---------- Materials provided

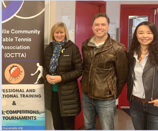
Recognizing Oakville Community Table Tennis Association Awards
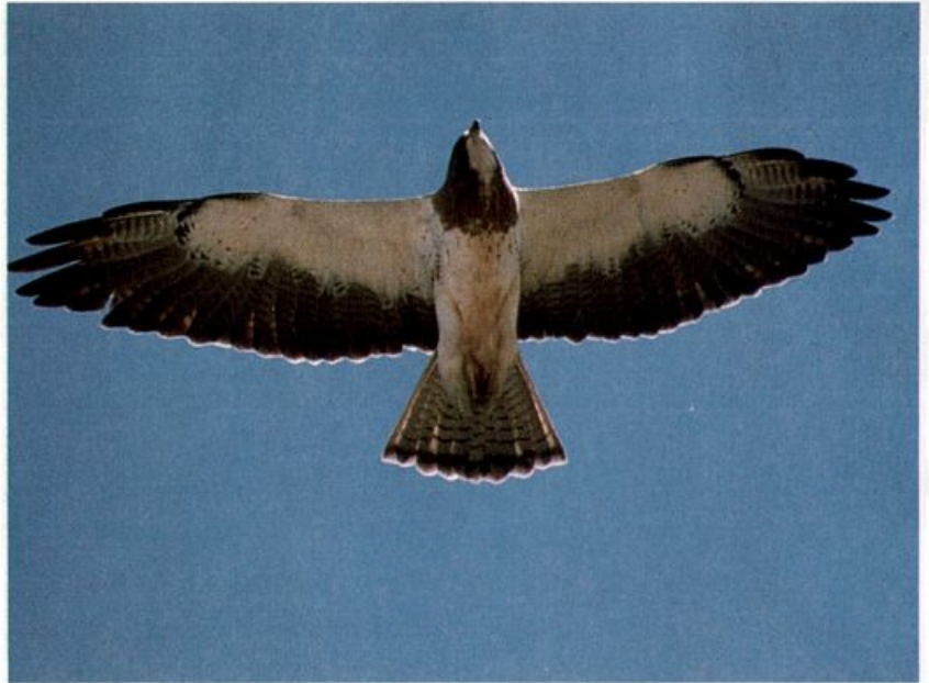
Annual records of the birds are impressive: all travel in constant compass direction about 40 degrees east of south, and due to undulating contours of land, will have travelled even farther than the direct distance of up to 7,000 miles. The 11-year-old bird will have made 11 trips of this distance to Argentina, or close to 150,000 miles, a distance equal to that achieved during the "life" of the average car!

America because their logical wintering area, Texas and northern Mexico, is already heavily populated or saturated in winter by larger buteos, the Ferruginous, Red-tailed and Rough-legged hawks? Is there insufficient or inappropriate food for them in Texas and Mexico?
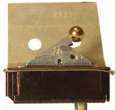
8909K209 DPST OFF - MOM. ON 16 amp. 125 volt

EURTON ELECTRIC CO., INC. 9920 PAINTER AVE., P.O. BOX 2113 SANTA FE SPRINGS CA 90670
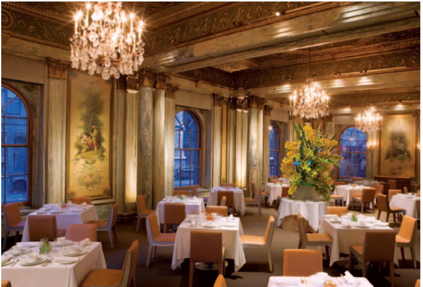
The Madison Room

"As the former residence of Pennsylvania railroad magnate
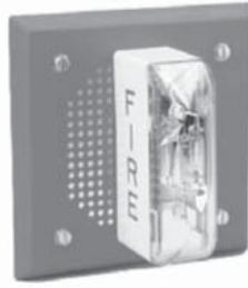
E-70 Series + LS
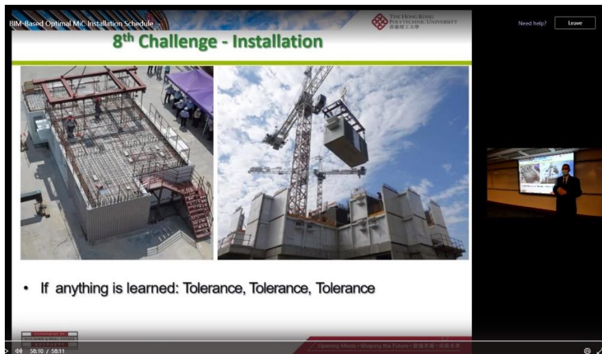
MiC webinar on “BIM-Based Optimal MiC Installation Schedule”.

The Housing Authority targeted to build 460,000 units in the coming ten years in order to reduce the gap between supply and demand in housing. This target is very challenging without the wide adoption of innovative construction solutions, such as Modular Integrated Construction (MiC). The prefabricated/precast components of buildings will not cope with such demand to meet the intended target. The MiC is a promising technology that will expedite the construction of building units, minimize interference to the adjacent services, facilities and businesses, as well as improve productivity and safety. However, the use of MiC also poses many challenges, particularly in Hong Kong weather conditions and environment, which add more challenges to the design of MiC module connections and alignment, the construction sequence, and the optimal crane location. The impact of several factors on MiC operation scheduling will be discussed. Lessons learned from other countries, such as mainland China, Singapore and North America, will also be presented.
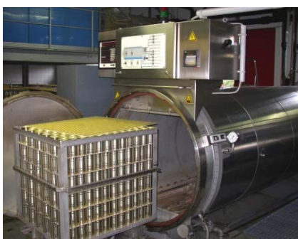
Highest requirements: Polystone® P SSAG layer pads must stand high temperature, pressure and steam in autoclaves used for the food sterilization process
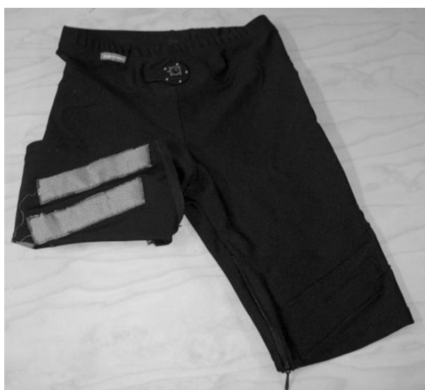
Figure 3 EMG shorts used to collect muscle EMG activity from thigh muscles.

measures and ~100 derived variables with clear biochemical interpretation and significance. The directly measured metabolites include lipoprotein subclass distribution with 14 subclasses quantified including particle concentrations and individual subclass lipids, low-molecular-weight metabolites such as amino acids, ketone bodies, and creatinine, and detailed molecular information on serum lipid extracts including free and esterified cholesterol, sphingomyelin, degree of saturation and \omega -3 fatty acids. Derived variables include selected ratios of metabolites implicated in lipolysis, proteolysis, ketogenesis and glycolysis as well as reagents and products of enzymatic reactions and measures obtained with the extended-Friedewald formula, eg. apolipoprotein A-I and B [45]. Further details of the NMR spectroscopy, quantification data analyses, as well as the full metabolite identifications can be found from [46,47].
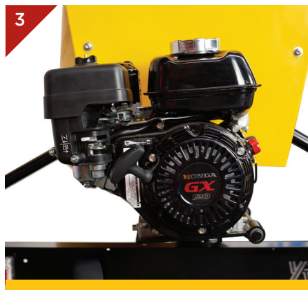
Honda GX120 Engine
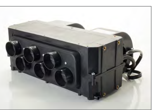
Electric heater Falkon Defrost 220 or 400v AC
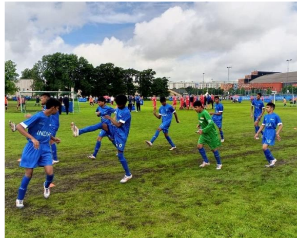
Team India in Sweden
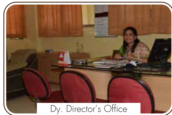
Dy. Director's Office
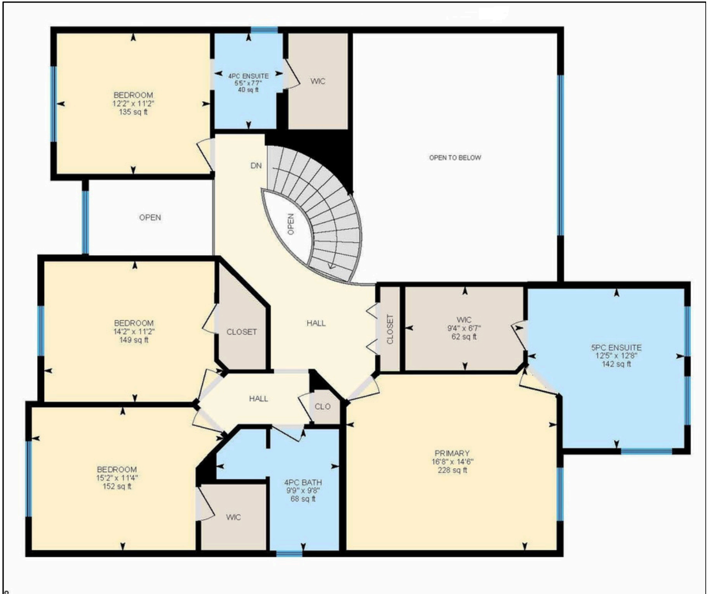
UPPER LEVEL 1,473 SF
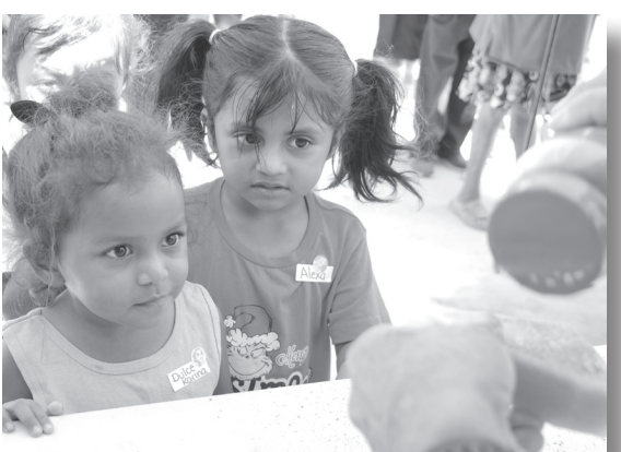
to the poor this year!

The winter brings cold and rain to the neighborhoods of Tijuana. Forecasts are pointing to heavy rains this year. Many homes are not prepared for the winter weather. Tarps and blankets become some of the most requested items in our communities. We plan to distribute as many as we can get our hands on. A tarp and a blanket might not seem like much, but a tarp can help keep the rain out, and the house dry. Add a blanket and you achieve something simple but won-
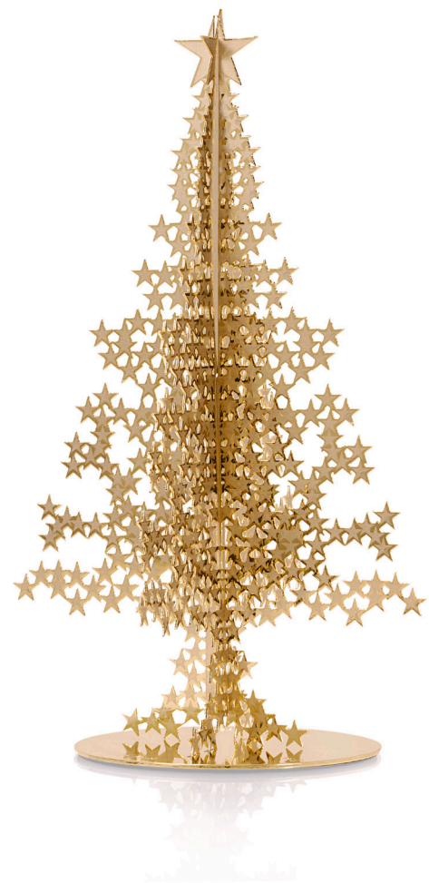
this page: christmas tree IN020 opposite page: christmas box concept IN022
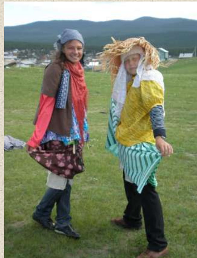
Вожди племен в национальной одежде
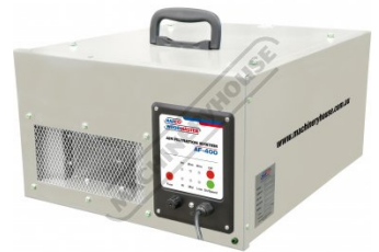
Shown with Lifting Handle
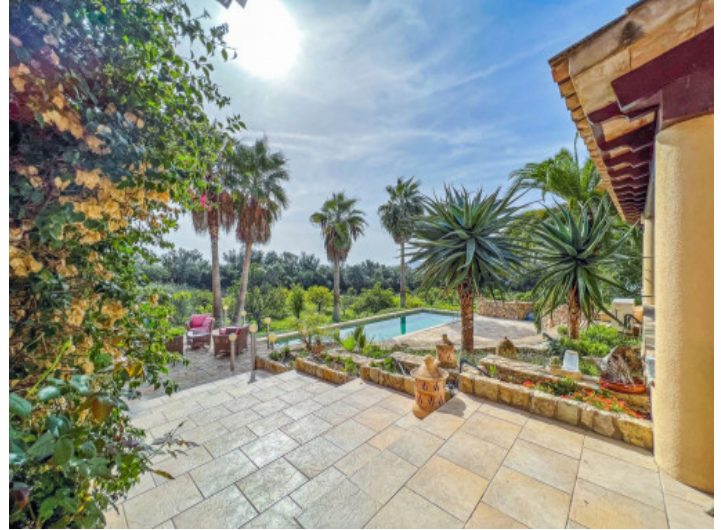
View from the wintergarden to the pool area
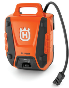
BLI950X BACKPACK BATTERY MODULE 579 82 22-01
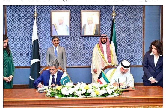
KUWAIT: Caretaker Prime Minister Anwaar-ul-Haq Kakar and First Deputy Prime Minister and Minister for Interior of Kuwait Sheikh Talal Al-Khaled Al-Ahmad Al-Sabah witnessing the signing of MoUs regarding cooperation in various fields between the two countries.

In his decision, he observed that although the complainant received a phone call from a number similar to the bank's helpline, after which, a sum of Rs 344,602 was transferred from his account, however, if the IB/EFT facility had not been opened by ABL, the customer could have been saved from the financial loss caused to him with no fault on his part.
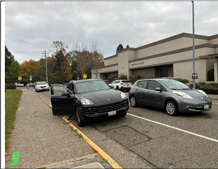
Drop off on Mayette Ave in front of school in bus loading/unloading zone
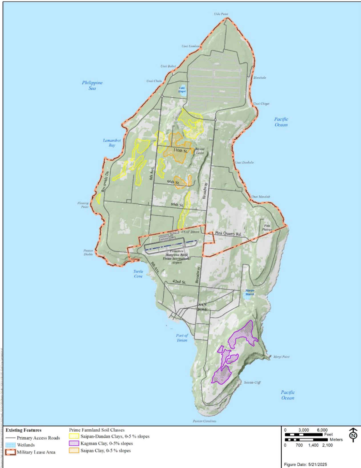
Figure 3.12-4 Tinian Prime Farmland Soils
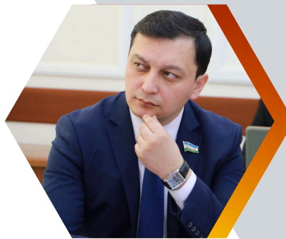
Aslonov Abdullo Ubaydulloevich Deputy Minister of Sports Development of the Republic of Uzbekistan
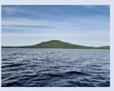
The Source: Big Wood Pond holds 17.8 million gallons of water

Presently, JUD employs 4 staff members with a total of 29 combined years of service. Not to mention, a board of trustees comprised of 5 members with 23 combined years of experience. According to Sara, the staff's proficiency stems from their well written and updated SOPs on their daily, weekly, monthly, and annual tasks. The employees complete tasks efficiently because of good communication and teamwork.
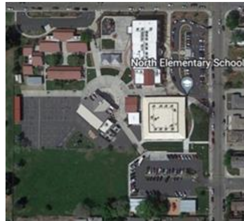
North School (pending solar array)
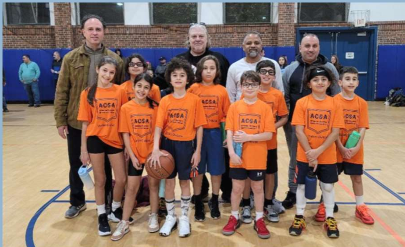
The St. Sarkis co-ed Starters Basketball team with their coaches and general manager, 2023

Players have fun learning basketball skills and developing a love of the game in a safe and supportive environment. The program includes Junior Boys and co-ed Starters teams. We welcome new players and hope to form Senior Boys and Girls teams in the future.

--------------------

* [What the task asks] A single figure must be given: how many lines of the records above include the string "Prime".

* [Task response] 2